> **The task**: Set down the data again word for word. Skip any pictures.

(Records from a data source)
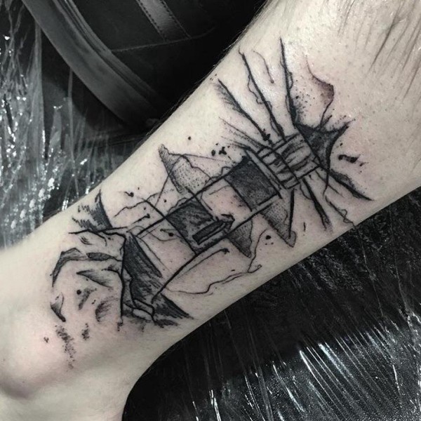 欧美小腿纹身 男生小腿上黑色的灯塔纹身图片
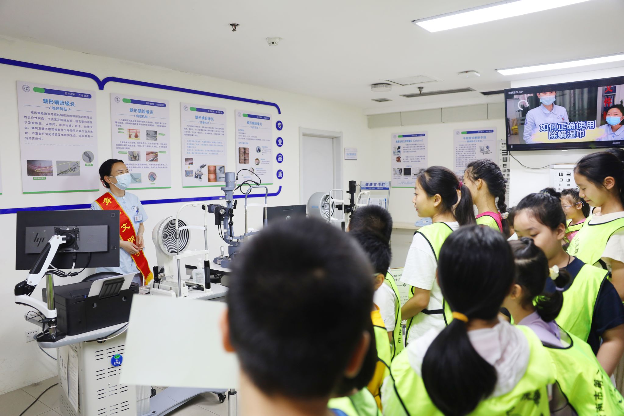 接下来的医学探索之旅与书信文化体验环节更是让孩子们大开眼界。在干眼门诊,孩子们在专业人员的带领下,了解了干眼症的成因与常见检查方法,还在显微镜下观察了蠕形螨,对眼部健康有了更直观的认识。在医院儿童眼病门诊,孩子们分组进行了基础视力检查与验光体验,学会了如何解读简单的验光单。
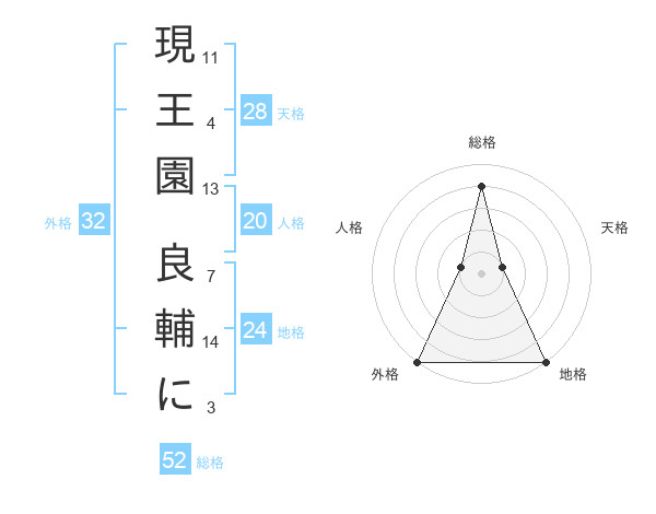 現王園 良輔にさんを姓名の画数から五運を鑑定
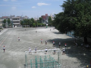 昨日は雨のため、体育館で上体起こしや反復横とび、
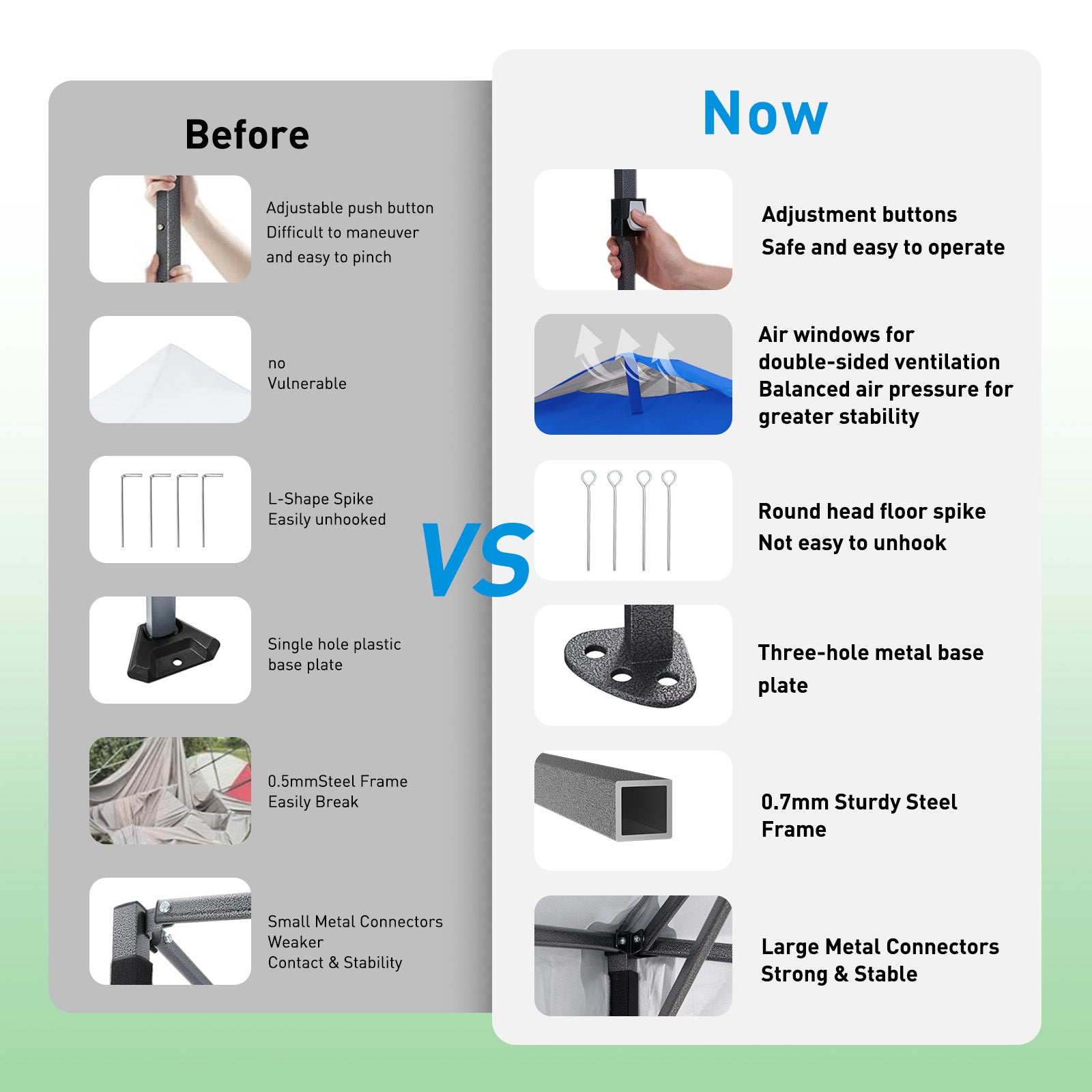 【Lasting Stability】The canopy is built with a reinforced metal frame and durable joints, delivering long-lasting performance. The vented top reduces wind pressure and enhances stability, keeping the canopy more stable in windy conditions.
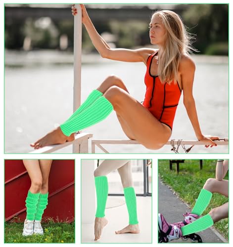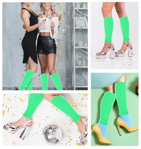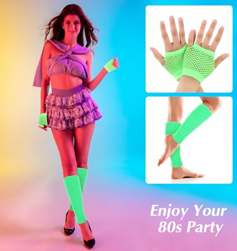 Neon Leg Warmers and Fishnet Gloves Set - Leg Warmers 80s, Women Fashion Knit Leg Warmers for Women, 80s Stretchy Dance Party Accessories for Women
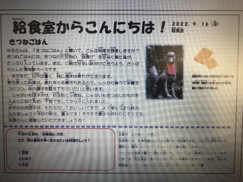 2022年9月の記事一覧 2022年9月 全ての記事 アーカイブ 2025年12月 (33) 2025年11月 (2) 2025年10月 (21) 2025年9月 (24) 2025年8月 (0) 2025年7月 (7) 2025年6月 (28) 2025年5月 (9) 2025年4月 (11) 2025年3月 (10) 2025年2月 (18) 2025年1月 (17) 2024年12月 (14) 2024年11月 (25) 2024年10月 (18) 2024年9月 (16) 2024年8月 (0) 2024年7月 (16) 2024年6月 (16) 2024年5月 (21) 2024年4月 (63) 2024年3月 (8) 2024年2月 (0) 2024年1月 (16) 2023年12月 (12) 2023年11月 (0) 2023年10月 (18) 2023年9月 (12) 2023年8月 (0) 2023年7月 (39) 2023年6月 (10) 2023年5月 (11) 2023年4月 (20) 2023年3月 (0) 2023年2月 (20) 2023年1月 (17) 2022年12月 (6) 2022年11月 (17) 2022年10月 (26) 2022年9月 (11) 2022年8月 (0) 2022年7月 (21) 2022年6月 (13) 2022年5月 (30) 5件 1件 5件 10件 20件 50件 100件 9月16日 投稿日時 : 2022/09/19 大町小学校管理者 きつねごはん 茶碗蒸し じゃがいもだんご汁 大町の梨(豊水) 9月15日 投稿日時 : 2022/09/19 大町小学校管理者 焼き肉丼(ごはん) 焼き肉丼(具) ゴーヤいりチップス もずくスープ 9月14日 投稿日時 : 2022/09/19 大町小学校管理者 スパゲッティナポリタン 豆入りサラダ なしのしっとりマフィン 9月12日 投稿日時 : 2022/09/19 大町小学校管理者 ごはん チーズインハンバーグ アーモンドサラダ オニオンスープ 9月11日 投稿日時 : 2022/09/19 大町小学校管理者 さんまのひつまぶしご飯 ごまみそあえ ゆばいりすまし汁 きなこ白玉 123 »

> **Task response**:
 欧美小腿纹身 男生小腿上黑色的灯塔纹身图片
 接下来的医学探索之旅与书信文化体验环节更是让孩子们大开眼界。在干眼门诊,孩子们在专业人员的带领下,了解了干眼症的成因与常见检查方法,还在显微镜下观察了蠕形螨,对眼部健康有了更直观的认识。在医院儿童眼病门诊,孩子们分组进行了基础视力检查与验光体验,学会了如何解读简单的验光单。
 現王園 良輔にさんを姓名の画数から五運を鑑定
 昨日は雨のため、体育館で上体起こしや反復横とび、
 【Lasting Stability】The canopy is built with a reinforced metal frame and durable joints, delivering long-lasting performance. The vented top reduces wind pressure and enhances stability, keeping the canopy more stable in windy conditions.
 Neon Leg Warmers and Fishnet Gloves Set - Leg Warmers 80s, Women Fashion Knit Leg Warmers for Women, 80s Stretchy Dance Party Accessories for Women
 2022年9月の記事一覧 2022年9月 全ての記事 アーカイブ 2025年12月 (33) 2025年11月 (2) 2025年10月 (21) 2025年9月 (24) 2025年8月 (0) 2025年7月 (7) 2025年6月 (28) 2025年5月 (9) 2025年4月 (11) 2025年3月 (10) 2025年2月 (18) 2025年1月 (17) 2024年12月 (14) 2024年11月 (25) 2024年10月 (18) 2024年9月 (16) 2024年8月 (0) 2024年7月 (16) 2024年6月 (16) 2024年5月 (21) 2024年4月 (63) 2024年3月 (8) 2024年2月 (0) 2024年1月 (16) 2023年12月 (12) 2023年11月 (0) 2023年10月 (18) 2023年9月 (12) 2023年8月 (0) 2023年7月 (39) 2023年6月 (10) 2023年5月 (11) 2023年4月 (20) 2023年3月 (0) 2023年2月 (20) 2023年1月 (17) 2022年12月 (6) 2022年11月 (17) 2022年10月 (26) 2022年9月 (11) 2022年8月 (0) 2022年7月 (21) 2022年6月 (13) 2022年5月 (30) 5件 1件 5件 10件 20件 50件 100件 9月16日 投稿日時 : 2022/09/19 大町小学校管理者 きつねごはん 茶碗蒸し じゃがいもだんご汁 大町の梨(豊水) 9月15日 投稿日時 : 2022/09/19 大町小学校管理者 焼き肉丼(ごはん) 焼き肉丼(具) ゴーヤいりチップス もずくスープ 9月14日 投稿日時 : 2022/09/19 大町小学校管理者 スパゲッティナポリタン 豆入りサラダ なしのしっとりマフィン 9月12日 投稿日時 : 2022/09/19 大町小学校管理者 ごはん チーズインハンバーグ アーモンドサラダ オニオンスープ 9月11日 投稿日時 : 2022/09/19 大町小学校管理者 さんまのひつまぶしご飯 ごまみそあえ ゆばいりすまし汁 きなこ白玉 123 »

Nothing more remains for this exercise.